Love my woman, love my baby, love my biscuits sopped in gravy.

Friday, May 05, 2006

Fishing Rod

Several years ago now I was part of a Bible study at the home of a older couple named Rod and Connie whose children had all married and moved on with their lives. At the request of their son-in-law, my pastor and friend Dan, they started this home group for young adults from his church. We spent many hours at their house every Wednesday night where we learned a lot about the Bible and even more about life from both of them. We made and solidified friendships, and I got to know Jana, who became my wife. Some of the best parts of our courtship were spent with Rod and Connie around their kitchen table long after everyone else went home.

At their place, everyone was welcome, funny, musical, and clever.

Rod had been a teacher during his career, and he continued to pass on wisdom and common sense long after he left the classroom. He didn't retire and turn him into a bookworm with soft hands, though. He had dogs, an apple orchard and a tractor, and was continually improving his little farm in the hills of Corralitos by rescuing and caring for plants that most people would have given up on. He had an antique rose bush from the 1920s he kept pruned that would produce beautiful flowers every summer, and his apple trees were ones that had been dug up and left to die from an orchard he passed one day.

One night after sitting around the kitchen table over coffee we started talking about fishing. There are plenty of references to fishing in the bible but this was not metaphorical, this was practical. Besides being a homemade farmer, Rod was also a fisherman.

The Monterey Bay area has lakes and rivers to fish but the most obvious place to go is in the ocean. With so many beaches around, fishing for surf perch and striper is one of the best ways to spend spare time. It's beautiful and open, with the edge of the largest ocean in the world trying to reach and pull you in with every wave. It's teeming with fish and if you know what you're doing you can catch plenty of them. Rod explained to me that fishing from the beach was a lot like fishing from the river. He said you watch for places where the waves and current meet and churn up the sandy bottom, and get your line right in there to have the best shot at catching perch. The more we talked about it and the more interest I showed in the subject, the more excited Rod got. It was late but Rod perked up like he had two cups of caffeinated coffee, which was strictly off-limits, and after hearing how much about my poor fishing skills decided to help me by showing me what kind of tackle I needed.
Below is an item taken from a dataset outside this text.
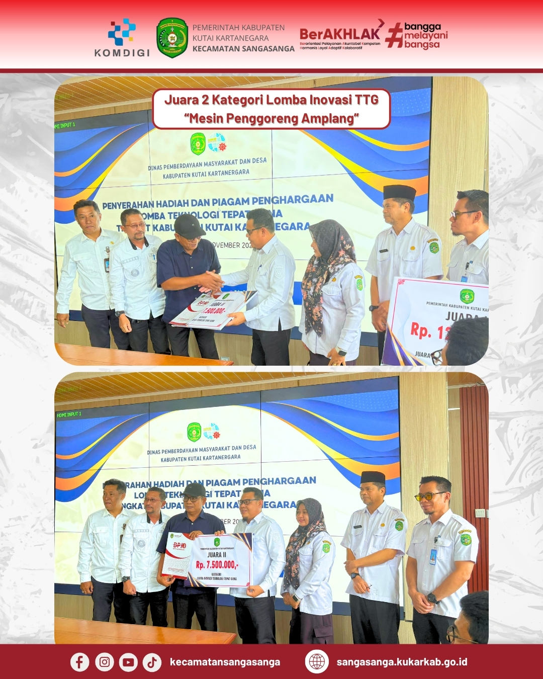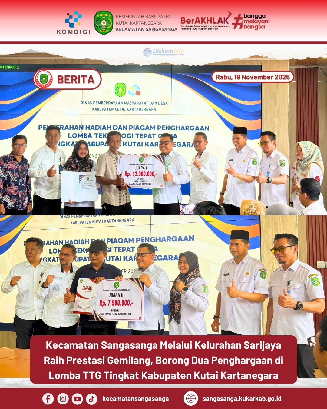Kecamatan Sangasanga kembali mencatatkan sejarah membanggakan melalui prestasi luar biasa yang ditorehkan oleh perwakilan Kelurahan Sarijaya di tingkat Kabupaten Kutai Kartanegara. Dalam ajang bergengsi Lomba Teknologi Tepat Guna (TTG) tahun 2025 yang diselenggarakan oleh Dinas Pemberdayaan Masyarakat dan Desa (DPMD), Kelurahan Sarijaya berhasil memborong dua penghargaan sekaligus yang menegaskan kualitas inovasi masyarakatnya. Keberhasilan ini menjadi bukti nyata bahwa pembinaan teknologi tepat guna di wilayah Kecamatan Sangasanga berjalan dengan sangat efektif dan mampu bersaing dengan wilayah lain. Ajang ini sendiri merupakan platform strategis yang mempertemukan berbagai inovator terbaik daerah untuk mempresentasikan solusi teknologi yang bermanfaat bagi masyarakat luas. Kemenangan ini tentunya menjadi kebanggaan tersendiri bagi seluruh warga Kecamatan Sangasanga yang antusias mendukung kemajuan teknologi berbasis kearifan lokal.

He took me out to a shed behind his house where he had a collection of all kinds of fishing equipment stacked on shelves. He rummaged around a bit and found an old prescription bottle he used to hold rubber grubs and hooks, dumped it out and began to fill it with what I needed to really catch fish; A couple of sinkers and some of the right sized and colored rubber grubs, a swivel, and some hooks. This has basically turned into a template for what to use when I want to catch fish.

My tackle box isn't much bigger than a lunch pail so space is at a premium. I keep some stuff for lake fishing in there, some fishing line and enough room for my reel. I also keep that prescription bottle in there. The label was peeled away long ago, and judging from the size, it must have been held some big pills. I don't usually open the bottle, but kind of keep it as a reference point, and now as a memento, since Rod passed away a couple of years ago.

The other day I was able to take my family out to the beach and as a last minute addition to the towels, buckets and shovels, I threw my fishing pole and tackle box in the back of the truck. It's a short drive to Sunset State Beach, and it's a shame we don't go more often. It's a huge beach and lives up to it's namesake with incredible views when the sun goes down. As Abby and Jana played in the sand I took my pole out of it's case, attached the reel from my tackle box and dug around for some plastic grubs. At some point I had ordered about a hundred of the grubs that Rod had recommended for catching fish but at some point they had wriggled out and probably found a plastic log to hide under, so I reluctantly reached for the old prescription bottle Rod gave me and used some of his tackle. I tied off my hook and spent the next hour or so casting and reeling in, wading out to my knees in the cold waters of the Pacific.

As the sun started to set my wife and little girl were ready to go home and rinse the sand off their legs and feet, so I threw the line in for one last cast. Miraculously, I was still using the same setup I had started with, and just as I was reeling in my final cast, I felt a couple of tugs on the end of the line. At first I figured it was more seaweed as usual. I'd like to say I caught a whopper and that the struggle kept us there until past dark, but in reality it took about thirty seconds to pull in a surf perch that fit easily into the palm of my hand. No whopper, but it was a fish, and it might as well have been one as glad as I was to catch anything at all. I showed it to Abby, who was at first excited but had no interest in holding it, and would only touch it with the tip of her little index finger. I tossed it back and watched it lazily swim on its side back to its home through the clear water and foam, then turned around toward my own home in the same lazy manner, thankful for sun, sand, family, and an old friend who taught me some things about fishing, the Lord, and people around a kitchen table.